IMO copying communities from Reddit as-is was a mistake long-term, but was maybe necessary short-term so that people wouldn’t be confused. If I had my druthers, I’d make a new system where communities are uniquely identified purely as !UUID@lemmy.instance
(though still with a human-friendly display name). You don’t get to create a community that namesquats something like !gaming@lemmy.world
. All posts would be made with hashtags like Mastodon, and then each community would just configure “Include all posts with this tag in our community”. The big issue then is who moderates tags? I think a system like Bluesky has would work well, as you mention. People can moderate tags and other people can follow their work, or not.
If that was combined with seamless account/community migration, that would solve a lot of moderation issues. If you mod a community and the admins suck, just move it to a new instance. If the mods of a particular community suck, start your own. They won’t be able to monopolize a common name, so it’s much easier to get traction.

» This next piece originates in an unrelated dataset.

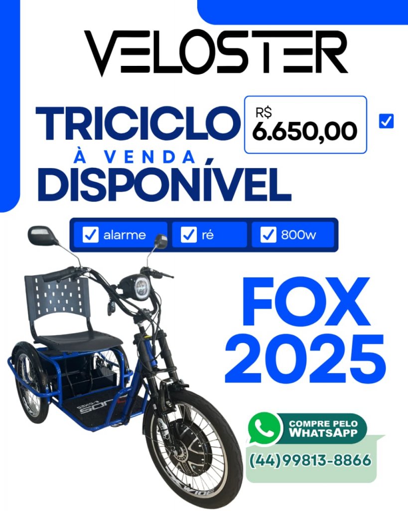 A Veloster Palotina apresenta o Triciclo Fox 2025, a solução perfeita para quem busca praticidade, conforto e economia no dia a dia. Ideal para transporte urbano, lazer ou necessidades especiais, o modelo oferece desempenho confiável e segurança.

On the long-ago internet, there were many, many different software options that supported the same protocols, and they were also a lot more configurable generally speaking
Lemmy is pretty good about that, actually. It’s interoperable with Mastodon via ActivityPub, and there’s other projects like MBin that work nicely with Lemmy.
The way I’m imagining it, it wouldn’t be microblogging, but I’m probably not describing it well. You’d still have communities with threads, unlike Mastodon. You’d just wouldn’t have people posting “to” those communities (unless maybe you intentionally wanted to).
It’s mostly a way to get at the same thing as merged comment threads, just in a way that feels like it would have fewer edge cases to me.